Figures & data
Figure 1. Inducible expression of various AID-tagged Rac1s in MDCK cells. (A) Schematic representation of the Auxin-Inducible Degron (AID) system. Auxin (indole-3-acetic acid) binding to TIR1, a plant F-box protein, promotes the interaction between TIR1 and the AID-tag, which is derived from Arabidopsis thaliana. The Skip1-Cul1-Rbx1 complex bound to TIR1 acts as an E3 ubiquitin ligase to effect polyubiquitylation of the AID-tagged proteins, followed by proteasome-mediated degradation. (B) MDCK-TIR (denoted as control) and various MDCK-Rac1-expressing Fucci cell cycle indicator cells were cultured with 50 μM NAA for 24 h, and further cultured for 24 h with or without NAA, followed by SDS-PAGE and western blotting analysis with anti-myc and anti-Rac1 antibodies to quantify TIR and AID-tagged and endogenous (denoted as Endo) Rac1, respectively. The result shown here is representative of two independent results. (C) Quantification of western blotting in B. After subtracting the background, the expression levels of AID-Rac1 (gray box) and endogenous Rac1 (white box) were normalized to that of TIR. These values were divided by the value of the endogenous Rac1/TIR without NAA. The averages from two independent experiments are shown. (D) MDCK-TIR cells expressing GFP-Syntaxin4 (denoted as Syntaxin4) and various AID-Rac1s (denoted as HA) were cultured on 35-mm glass-bottom dishes in medium without NAA for 24 h. The cells were fixed, immune-stained as described in Materials and Methods, and observed by a confocal microscope. The scale bar is 10 μm. (E) Measurement of guanine nucleotides bound to Rac1 and Rac1b. MDCK cells expressing GFP-Rac1WT and -Rac1b were subjected to quantification of the GTP/GDP ratio as described in the Materials and Methods. Shown in the graph is the average from two independent experiments.

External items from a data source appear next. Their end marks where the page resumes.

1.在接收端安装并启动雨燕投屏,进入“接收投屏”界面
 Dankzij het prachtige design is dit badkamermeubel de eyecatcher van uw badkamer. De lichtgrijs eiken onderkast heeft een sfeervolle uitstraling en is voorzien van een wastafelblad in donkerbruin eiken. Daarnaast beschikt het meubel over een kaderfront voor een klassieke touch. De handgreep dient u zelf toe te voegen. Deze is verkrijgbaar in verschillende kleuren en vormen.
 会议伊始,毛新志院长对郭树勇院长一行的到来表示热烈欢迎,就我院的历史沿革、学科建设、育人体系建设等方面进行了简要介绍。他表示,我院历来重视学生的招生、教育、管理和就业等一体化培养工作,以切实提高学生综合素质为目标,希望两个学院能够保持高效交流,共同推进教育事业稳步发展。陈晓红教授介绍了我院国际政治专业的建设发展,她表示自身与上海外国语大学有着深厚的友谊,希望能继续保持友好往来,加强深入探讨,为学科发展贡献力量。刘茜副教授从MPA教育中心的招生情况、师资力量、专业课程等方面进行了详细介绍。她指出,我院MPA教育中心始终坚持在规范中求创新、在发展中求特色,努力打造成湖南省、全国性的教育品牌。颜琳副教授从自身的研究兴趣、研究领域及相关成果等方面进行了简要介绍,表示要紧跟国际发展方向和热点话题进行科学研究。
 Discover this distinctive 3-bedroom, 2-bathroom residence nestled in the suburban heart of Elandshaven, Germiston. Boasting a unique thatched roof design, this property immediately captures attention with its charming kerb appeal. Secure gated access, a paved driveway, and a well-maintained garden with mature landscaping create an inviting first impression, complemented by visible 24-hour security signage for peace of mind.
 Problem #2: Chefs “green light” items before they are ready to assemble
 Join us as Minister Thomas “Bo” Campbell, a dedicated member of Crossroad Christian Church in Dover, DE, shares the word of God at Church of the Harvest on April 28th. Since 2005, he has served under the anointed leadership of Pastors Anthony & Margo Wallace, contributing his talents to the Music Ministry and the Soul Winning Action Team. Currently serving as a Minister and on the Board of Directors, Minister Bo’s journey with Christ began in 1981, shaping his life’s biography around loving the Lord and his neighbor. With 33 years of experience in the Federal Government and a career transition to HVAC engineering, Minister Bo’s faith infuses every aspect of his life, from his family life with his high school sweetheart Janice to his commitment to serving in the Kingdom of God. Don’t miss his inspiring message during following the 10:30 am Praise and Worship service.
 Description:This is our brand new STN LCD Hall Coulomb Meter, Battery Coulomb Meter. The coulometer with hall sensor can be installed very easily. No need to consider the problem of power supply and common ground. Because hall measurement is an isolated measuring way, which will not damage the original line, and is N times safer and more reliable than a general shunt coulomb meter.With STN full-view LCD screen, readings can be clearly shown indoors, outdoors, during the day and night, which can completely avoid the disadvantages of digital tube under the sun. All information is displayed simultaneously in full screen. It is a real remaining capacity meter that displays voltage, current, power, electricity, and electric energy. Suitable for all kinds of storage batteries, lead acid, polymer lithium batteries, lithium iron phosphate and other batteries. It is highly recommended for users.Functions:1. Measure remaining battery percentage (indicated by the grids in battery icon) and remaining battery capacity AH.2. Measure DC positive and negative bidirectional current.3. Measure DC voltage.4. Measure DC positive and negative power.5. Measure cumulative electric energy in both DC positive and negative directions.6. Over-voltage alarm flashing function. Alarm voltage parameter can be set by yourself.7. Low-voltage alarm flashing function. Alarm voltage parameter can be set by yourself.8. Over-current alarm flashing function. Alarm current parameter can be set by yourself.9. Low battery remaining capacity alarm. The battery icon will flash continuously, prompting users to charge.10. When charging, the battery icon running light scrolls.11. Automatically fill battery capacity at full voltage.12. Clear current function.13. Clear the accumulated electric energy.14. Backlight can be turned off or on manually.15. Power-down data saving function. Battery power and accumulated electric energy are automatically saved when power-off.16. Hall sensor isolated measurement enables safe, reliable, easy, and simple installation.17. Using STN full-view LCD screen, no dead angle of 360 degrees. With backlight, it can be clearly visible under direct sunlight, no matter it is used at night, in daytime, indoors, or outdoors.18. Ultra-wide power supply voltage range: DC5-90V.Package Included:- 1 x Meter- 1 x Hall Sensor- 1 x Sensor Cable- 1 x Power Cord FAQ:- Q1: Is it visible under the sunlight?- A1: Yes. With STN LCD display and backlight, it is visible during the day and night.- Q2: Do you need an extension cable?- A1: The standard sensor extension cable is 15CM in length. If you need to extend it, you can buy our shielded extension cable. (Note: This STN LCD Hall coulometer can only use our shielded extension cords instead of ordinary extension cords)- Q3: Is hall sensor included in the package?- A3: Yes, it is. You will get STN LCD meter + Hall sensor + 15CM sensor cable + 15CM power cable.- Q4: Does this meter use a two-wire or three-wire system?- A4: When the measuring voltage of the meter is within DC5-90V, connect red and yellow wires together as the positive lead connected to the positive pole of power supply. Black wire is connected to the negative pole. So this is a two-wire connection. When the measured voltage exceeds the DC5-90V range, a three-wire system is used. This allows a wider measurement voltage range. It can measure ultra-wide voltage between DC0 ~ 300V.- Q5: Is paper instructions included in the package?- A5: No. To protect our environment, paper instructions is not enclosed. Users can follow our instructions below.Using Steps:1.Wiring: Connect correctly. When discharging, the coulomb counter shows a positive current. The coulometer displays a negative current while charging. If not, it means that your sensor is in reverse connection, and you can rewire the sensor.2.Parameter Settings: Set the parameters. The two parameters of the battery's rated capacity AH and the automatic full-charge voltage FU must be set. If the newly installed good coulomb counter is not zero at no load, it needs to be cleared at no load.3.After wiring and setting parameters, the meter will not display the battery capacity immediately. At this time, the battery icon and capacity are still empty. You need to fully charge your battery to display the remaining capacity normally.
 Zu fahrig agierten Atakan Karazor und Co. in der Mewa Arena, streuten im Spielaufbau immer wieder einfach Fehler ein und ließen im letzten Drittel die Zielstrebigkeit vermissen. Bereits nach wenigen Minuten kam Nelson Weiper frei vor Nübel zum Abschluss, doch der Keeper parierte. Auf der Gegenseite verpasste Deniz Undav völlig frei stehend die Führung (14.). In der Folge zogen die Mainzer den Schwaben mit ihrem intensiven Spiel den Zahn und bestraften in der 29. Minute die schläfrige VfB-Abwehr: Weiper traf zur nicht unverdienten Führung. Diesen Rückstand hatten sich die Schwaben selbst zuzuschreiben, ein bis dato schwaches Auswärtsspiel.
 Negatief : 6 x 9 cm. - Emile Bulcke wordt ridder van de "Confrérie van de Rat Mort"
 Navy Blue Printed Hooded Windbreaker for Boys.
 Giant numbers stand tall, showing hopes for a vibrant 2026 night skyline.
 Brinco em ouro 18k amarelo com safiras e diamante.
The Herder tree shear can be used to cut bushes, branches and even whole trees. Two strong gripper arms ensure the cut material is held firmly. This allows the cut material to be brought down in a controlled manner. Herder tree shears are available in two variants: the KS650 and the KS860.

Figure 2. Morphological change upon Rac1 expression. (A) MDCK-TIR (denoted as control) and various MDCK-Rac1 cells expressing H1-Keima (denoted as Nucleus) and GFP-CAAX (denoted as Plasma membrane) were cultured to form cysts in the presence of 50 μM NAA for 10 d. Cysts were washed and further cultured for 5 d with (+) and without (−) NAA and imaged by a confocal microscope. Shown are the representative images from at least two independent experiments. The scale bar is 20 μm. (B) Fluorescent images obtained in were quantified. The numbers of cells in the luminal space were counted from H1-Keima images. Averages with the standard deviation (sd) are shown. *p < 0.05 by Student’s t-test. The numbers of scored cysts were as follows: control (+) 152, control (−) 155; Rac1 WT (+) 663, Rac1WT (−) 554; Rac1b(+) 461, Rac1b (−) 538; Rac1V12 (+) 164, Rac1V12 (−) 172.
Figure 3. Accelerated cell cycle progression upon Rac1 induction. (A) MDCK-TIR and MDCK-Rac1 cells expressing mCherry-hCdt and Venus-hGem were cultured to form cysts in Matrigel containing 50 μM NAA for 10 d and transferred to a collagen gel with or without NAA. One day later, cells were imaged by a confocal microscope. Scale bars = 20 μm. (B) Quantification of (A). The percentage of S/G2/M cells, as indicated by green fluorescent cells, was scored. Data are the averages with s.d. *p < 0.05 by Student’s t-test. The numbers of scored cysts were as follows: control (+) Experiment (Exp)1 23, Exp2 24, Exp3 26, and Exp4 27, control (−), Exp1 23, Exp2 24, Exp3 10, and Exp4 27; Rac1 WT (+) Exp1 26, Exp2 38, Exp3 36, and Exp4 44; Rac1WT (−) Exp1 42, Exp2 40, Exp3 49, and Exp4 45; Rac1b (+) Exp1 23, Exp2 36, Exp3 28, Exp4 34, Exp5 65, and Exp6 65; Rac1b (−) Exp1 26, Exp2 35, Exp3 31, Exp4 38, Exp5 90, and Exp6 74; Rac1V12 (+) Exp1 28, Exp2 20 and Exp3 38; Rac1V12 (−) Exp1 25, Exp2 23 and Exp3 35.